Life and politics are nothing but compromise and adjustment. Politics is no longer a matter of ideals and values. In the near future, a new era will usher in where there will be no difference between secular and communal, pro-liberation and anti-liberation forces. Everybody will live in peace and harmony on this soil.

Pointing to the BNP leader's planned trial in a special tribunal for 'instigating arson attacks', Information Minister and JSD leader, Hasanul Huq Inu, categorically said, “If Khaleda Zia can prove her innocence there, she will continue to be in politics, otherwise, she will have to say goodbye to politics and go to jail.” The information minister informed that when the elections will be held in 2019, Begum Zia will stay in Kasimpur Jail.

We have no doubt that the Awami League think-tank is pragmatic and wise enough. They have a road map. Their message to the opposition parties is to either join your hands with us or perish. They will try their best to weaken or break up BNP, because BNP is a threat to Awami League. There are many ways to destroy BNP and Khaleda Zia. They do not bother to realise that whatever popularity BNP has had is because of the government's unpopularity. Awami League's policymakers should take measures to gain popularity by means of pro-people activities and establishing the rule of law.

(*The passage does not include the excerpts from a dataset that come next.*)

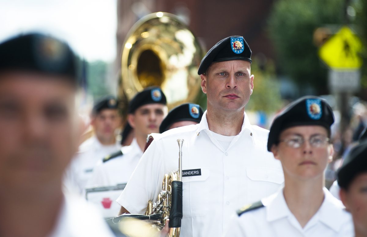 Emily Harger/Observer-Reporter Sanders of the Post VFW 191 21st Division Band entertain the crowd of the Canonsburg Fourth of July parade with patriotic songs on Thursday morning.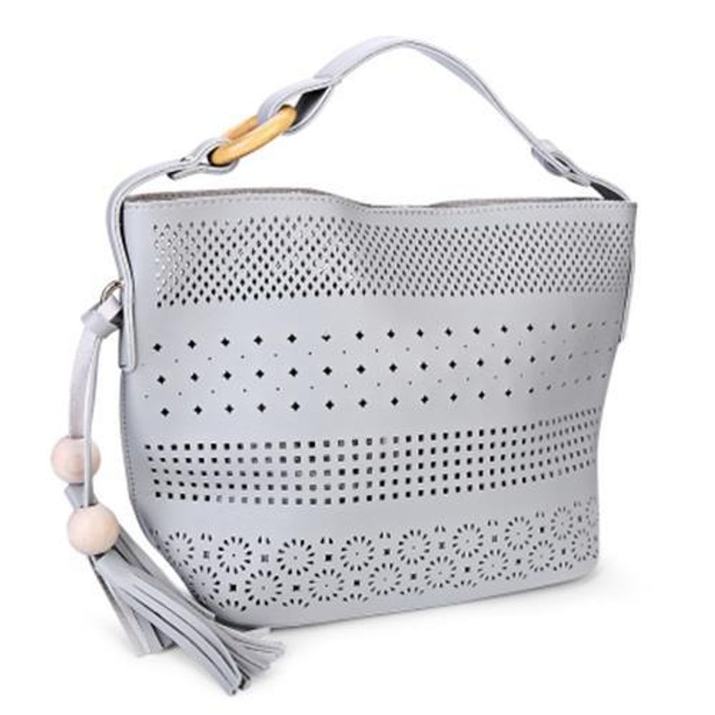 TASSEL HOLLOW OUT TOTE BAG (GRAY)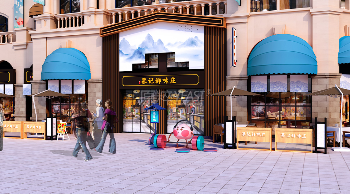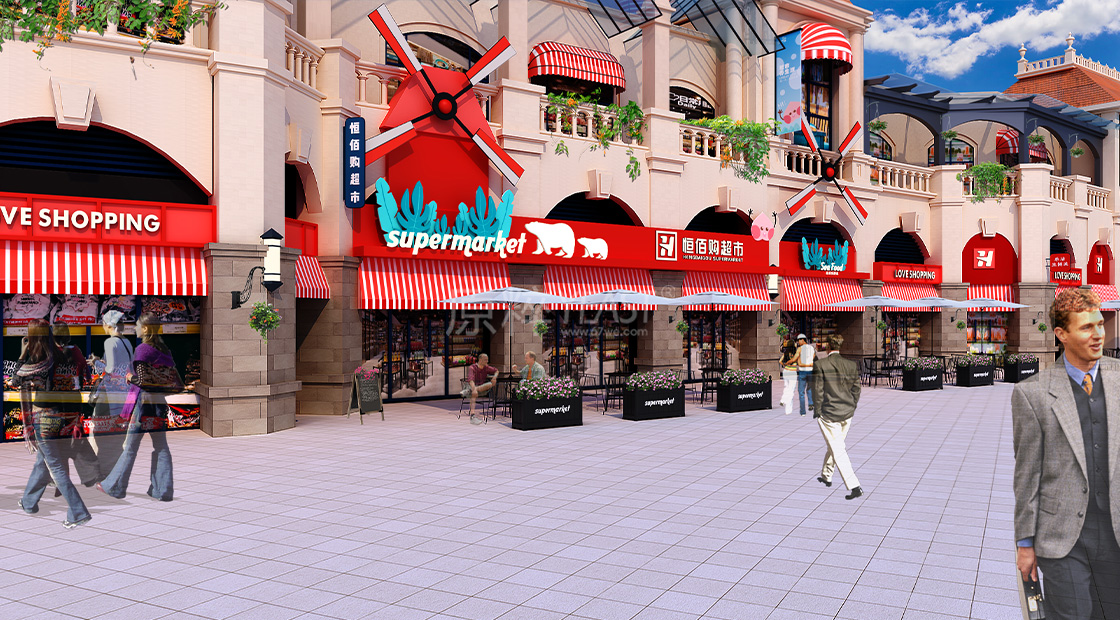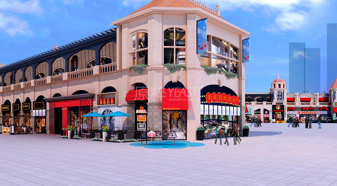 不需要昂贵材料的堆砌,从局部店门重点包装和次要包装,拉开街区层次,让商业更附有立体感,凸显健康养生氛围。建筑立面的色彩上偏暖色调,冷暖对比的色调是空间画面感更为丰富,不会产生视觉疲劳,审美疲劳,局部建筑加上IP形象,形成视觉记忆。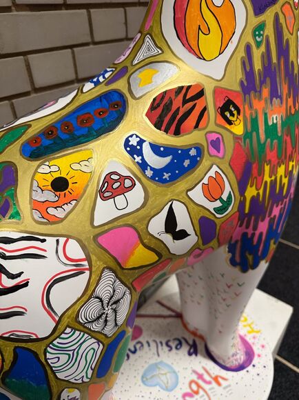 Over 50 of our pupils worked together decorating a Mini G who they named Gideon, meaning 'great warrior.' Members of the Wellbeing Art Club and those taking part in the art community project as part of their Duke Of Edinburgh Award, examined ‘GoGo Safari’s’ theme of ‘strength, resilience and hope’. They came up with the brilliant idea of expressing this through the Japanese Art form 'Kintsugi' (to repair with gold), as it represents the journey of healing and becoming stronger. Decorative images and colours symbolic of inner strength were then painted onto Gideon.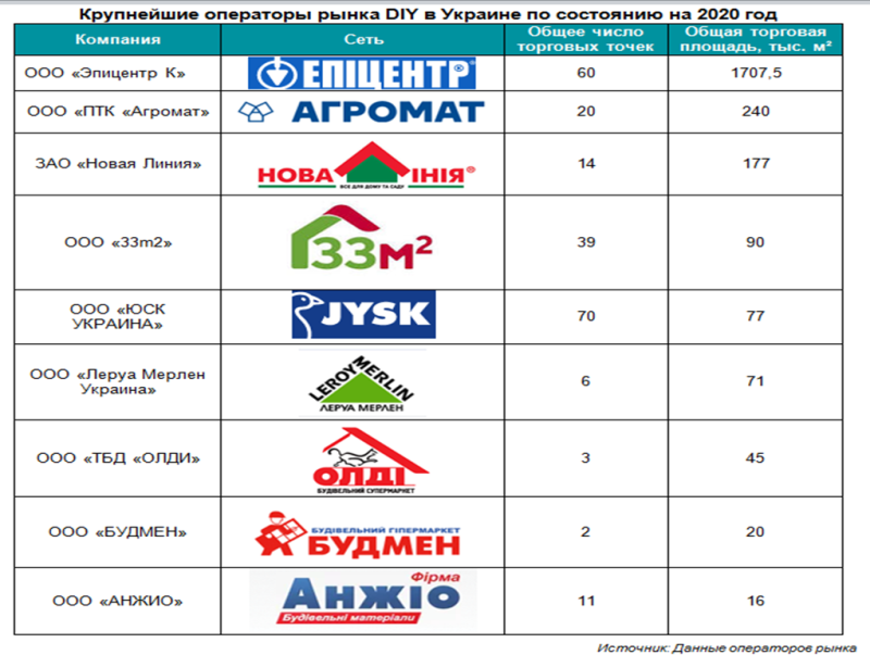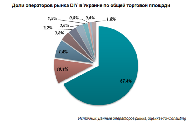 Отдельно стоит заметить, что на украинском рынке преобладают в сегменте DIY крупные строительные гипермаркеты. В целом, рынок сосредоточен вокруг нескольких крупных компаний. Единоличным лидером является ООО «Эпицентр К», который за последние 10 лет подмял под себя более половины всего рынка данного сегмента. Рынок DIY нельзя назвать ориентированным на широкое развитие, поскольку оно протекает вертикально, а не горизонтально, что подразумевает расширение уже существующих сетей, а не создание новых.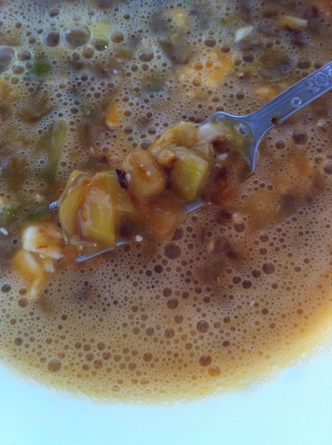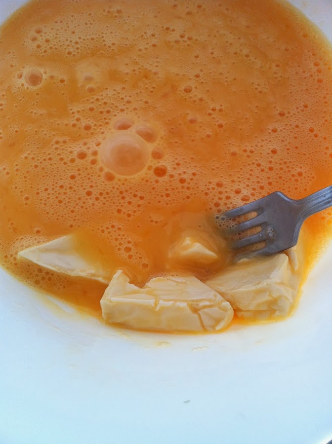 Cuando el calabacín este blandito, iremos preparando los huevos con los quesitos en un bol.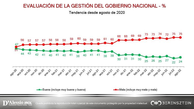 Lo que destaca es la evaluación sobre la gestión del gobierno nacional que continúa con números negativos. El 75% la considera "mala" o "muy mala", similar a la anterior medición. A contramano, el 24% la calificó como "buena" o "muy buena", dos puntos porcentuales por encima del registro pasado.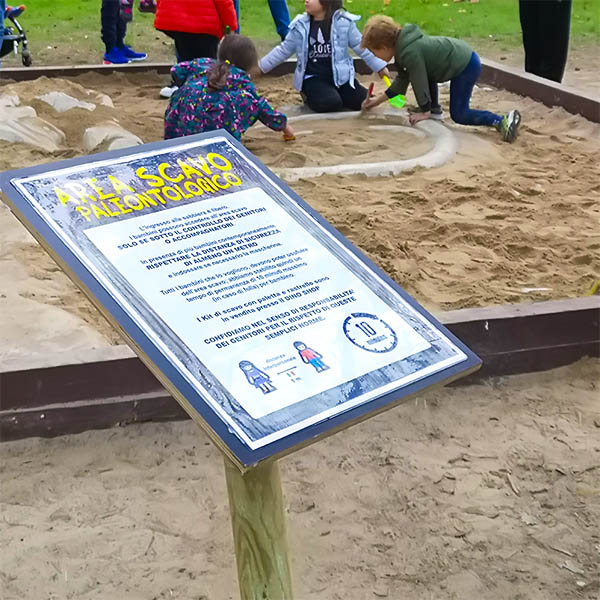 Con il biglietto d'ingresso puoi visitare in autonomia il percorso espositivo nel bosco e nel prato dove scoprirai 45 installazioni di dinosauri e animali presitori a grandezza reale e far giocare i bambini nell'area dello scavo paleontologico alla scoperta del grande fossile nascosto sotto la sabbia.

Pakistani President Ayub Khan and Governor Monem Khan left no stone unturned to destroy Awami League and Sheikh Mujib. But they failed completely; their attempt was actually counter-productive as AL gained more popularity. In politics, the principle of peaceful co-existence is the best policy. AL will not be strengthened if tens of thousands of BNP-Jamaat people join the party, as these men could turn out to be a burden. The original Awami Leaguers will feel uncomfortable and deprived. When a boat is overcrowded, it is sure to capsize or sink.     

The writer is a noted author, researcher and social activist.